**DATASET RECORDS:**
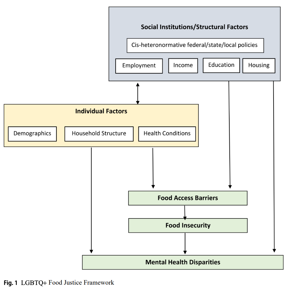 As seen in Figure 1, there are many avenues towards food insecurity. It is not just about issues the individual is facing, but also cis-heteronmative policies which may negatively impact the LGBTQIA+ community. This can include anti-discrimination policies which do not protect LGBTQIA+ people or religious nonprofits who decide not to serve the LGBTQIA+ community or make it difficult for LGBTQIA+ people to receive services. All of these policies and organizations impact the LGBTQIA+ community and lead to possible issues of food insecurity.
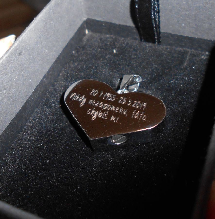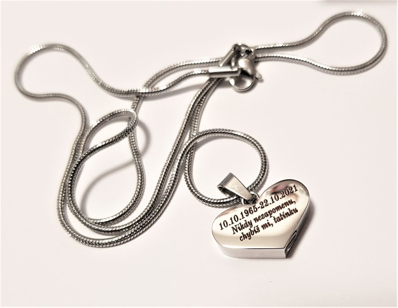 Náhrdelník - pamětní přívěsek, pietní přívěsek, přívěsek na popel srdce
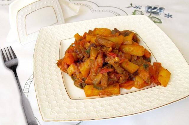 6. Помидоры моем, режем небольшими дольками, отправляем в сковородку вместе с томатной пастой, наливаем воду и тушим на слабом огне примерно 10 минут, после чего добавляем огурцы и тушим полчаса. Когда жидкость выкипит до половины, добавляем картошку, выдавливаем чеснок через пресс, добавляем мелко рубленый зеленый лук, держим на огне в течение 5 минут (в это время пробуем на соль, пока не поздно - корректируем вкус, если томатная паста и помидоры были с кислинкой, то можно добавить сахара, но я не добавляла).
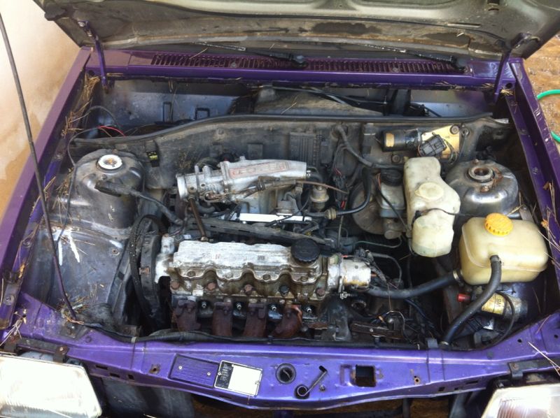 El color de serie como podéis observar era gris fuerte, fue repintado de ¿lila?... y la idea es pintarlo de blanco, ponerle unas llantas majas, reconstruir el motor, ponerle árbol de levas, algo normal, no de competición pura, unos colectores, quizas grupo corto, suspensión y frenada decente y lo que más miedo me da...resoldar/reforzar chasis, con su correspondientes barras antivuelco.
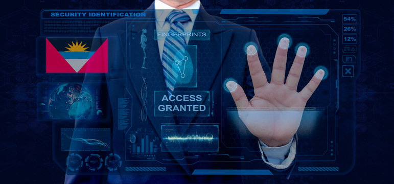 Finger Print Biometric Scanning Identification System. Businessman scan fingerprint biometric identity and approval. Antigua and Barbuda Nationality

**TASK ITEM:** Except for pictures, copy the records above exactly.

**ANSWER SPACE:**
 As seen in Figure 1, there are many avenues towards food insecurity. It is not just about issues the individual is facing, but also cis-heteronmative policies which may negatively impact the LGBTQIA+ community. This can include anti-discrimination policies which do not protect LGBTQIA+ people or religious nonprofits who decide not to serve the LGBTQIA+ community or make it difficult for LGBTQIA+ people to receive services. All of these policies and organizations impact the LGBTQIA+ community and lead to possible issues of food insecurity.
 Náhrdelník - pamětní přívěsek, pietní přívěsek, přívěsek na popel srdce
 6. Помидоры моем, режем небольшими дольками, отправляем в сковородку вместе с томатной пастой, наливаем воду и тушим на слабом огне примерно 10 минут, после чего добавляем огурцы и тушим полчаса. Когда жидкость выкипит до половины, добавляем картошку, выдавливаем чеснок через пресс, добавляем мелко рубленый зеленый лук, держим на огне в течение 5 минут (в это время пробуем на соль, пока не поздно - корректируем вкус, если томатная паста и помидоры были с кислинкой, то можно добавить сахара, но я не добавляла).
 El color de serie como podéis observar era gris fuerte, fue repintado de ¿lila?... y la idea es pintarlo de blanco, ponerle unas llantas majas, reconstruir el motor, ponerle árbol de levas, algo normal, no de competición pura, unos colectores, quizas grupo corto, suspensión y frenada decente y lo que más miedo me da...resoldar/reforzar chasis, con su correspondientes barras antivuelco.
 Finger Print Biometric Scanning Identification System. Businessman scan fingerprint biometric identity and approval. Antigua and Barbuda Nationality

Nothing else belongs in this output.